I've tried a bunch of things to be able to read items page by page without loading each page in a list and returning that, which could take too much memory on big pages. I'd like to avoid getting a big list of items just to have to scan the list again to do the post-processing of each item.
So either I get generators that will keep returning empty data and fill the pages list with an infinite number of empty lists (when using page_from_iterable2), or I just get the first page (like in page_from_iterable1.

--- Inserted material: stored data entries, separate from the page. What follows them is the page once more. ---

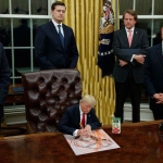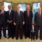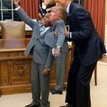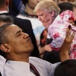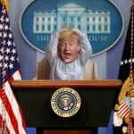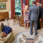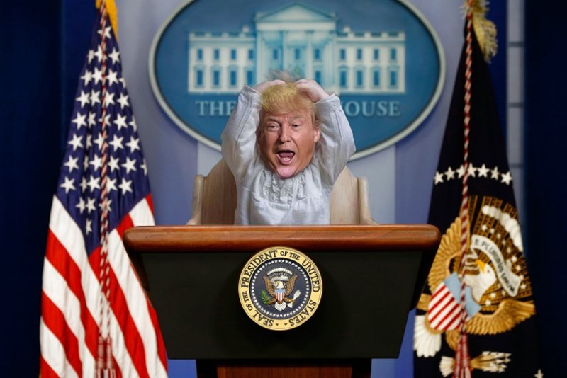 Также он забавно сидит на стуле и у него свисают ножки, рисует каляки-маляки на государственных бланках, ходит за ручку с другими чиновниками и капризничает, сидя на руках у Барака Обамы или Иванки Трамп. На данный момент в сети опубликовано уже несколько десятков таких карикатур.
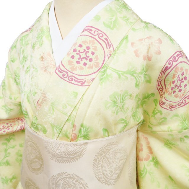 > 特選 小紋 着物 未使用 正絹 袷 カジュアル 作家物 落款 花模様 地模様 反端付き 承和色 多色 身丈161.5cm 裄70cm M きもの北條 A1169-6
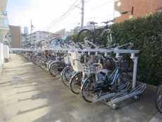 マンション裏手には駐輪場とバイク置場がありました。駐車場はエントランス側にあります。
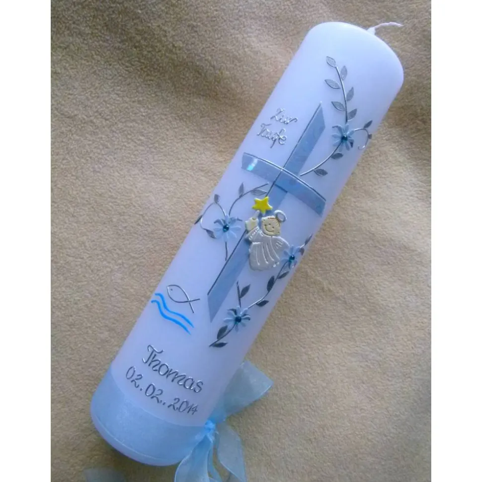 Die Verzierung auf der Kerze wird in liebevoller Handarbeit für Sie erstellt.
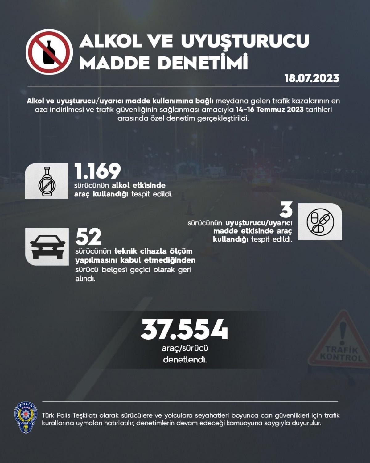 Denetimlerde, 1169 sürücünün alkol etkisinde araç kullandığı, 3 sürücünün uyuşturucu/uyarıcı madde etkisinde araç kullandığı tespit edildi. Kontrollerde, 52 sürücünün teknik cihazla ölçüm yapılmasını kabul etmediğinden sürücü belgesi geçici olarak geri alındı.

Any hint on what I am doing wrong?
Thanks.
from typing import Iterable, Iterator
def read_paginated_items(
it: Iterator,
page_size: int,
) -> Iterable:
for _ in range(page_size):
try:
yield next(it)
except StopIteration:
return
def page_from_iterable1(
iterable: Iterable,
page_size: int,
) -> Iterable:
it = iter(iterable)
page_items_generator = read_paginated_items(it, page_size)
yield page_items_generator
def page_from_iterable2(
iterable: Iterable,
page_size: int,
) -> Iterable:
it = iter(iterable)
while page_items_generator := read_paginated_items(it, page_size):
yield page_items_generator
def test_read_by_page():
pages = []
for page in page_from_iterable1([1, 2, 3, 4, 5], 2):
page_items = [item for item in page]
pages.append(page_items)
assert pages == [[1, 2], [2, 3], [5]]
Thanks to everyone's help, here's what I came up:
from typing import Iterator
import pytest
class PageItems:
def __init__(
self,
iterator: Iterator,
page_size: int,
):
self.items_generator = self._create_items_generator(iterator, page_size)
@staticmethod
def _create_items_generator(
iterator: Iterator,
page_size: int,
):
for _ in range(page_size):
try:
yield next(iterator)
except StopIteration:
return
def __iter__(self):
return self
def __next__(self):
return next(self.items_generator)
def test_read_one_page():
iterable = [1, 2, 3, 4, 5]
page_items = PageItems(iter(iterable), 3)
assert next(page_items) == 1
assert next(page_items) == 2
assert next(page_items) == 3
with pytest.raises(StopIteration):
next(page_items)
def test_read_pages():
iterable = [1, 2, 3, 4, 5]
pages = []
iterator = iter(iterable)
while page_items := list(PageItems(iterator, 2)):
pages.append(page_items)
assert pages == [[1, 2], [3, 4], [5]]
def test_read_pages_modified_items():
iterable = [(1, "A"), (2, "B"), (3, "C"), (4, "D"), (5, "E")]
pages = []
iterator = iter(iterable)
while page_items := [item[0] for item in PageItems(iterator, 2)]:
pages.append(page_items)
assert pages == [[1, 2], [3, 4], [5]]
I won't be able to use a for loop over PageItems, as it will always spit empty pages in the end, but with a while I can check for emptyness without having to resort to an ugly if/break block. This also allows me to either call list(PageItems(iterator, 2)) if I just need the items without modifications, or [item[0] for item in PageItems(iterator, 2)] it for exemple the items returned are tuples and I just want the first element.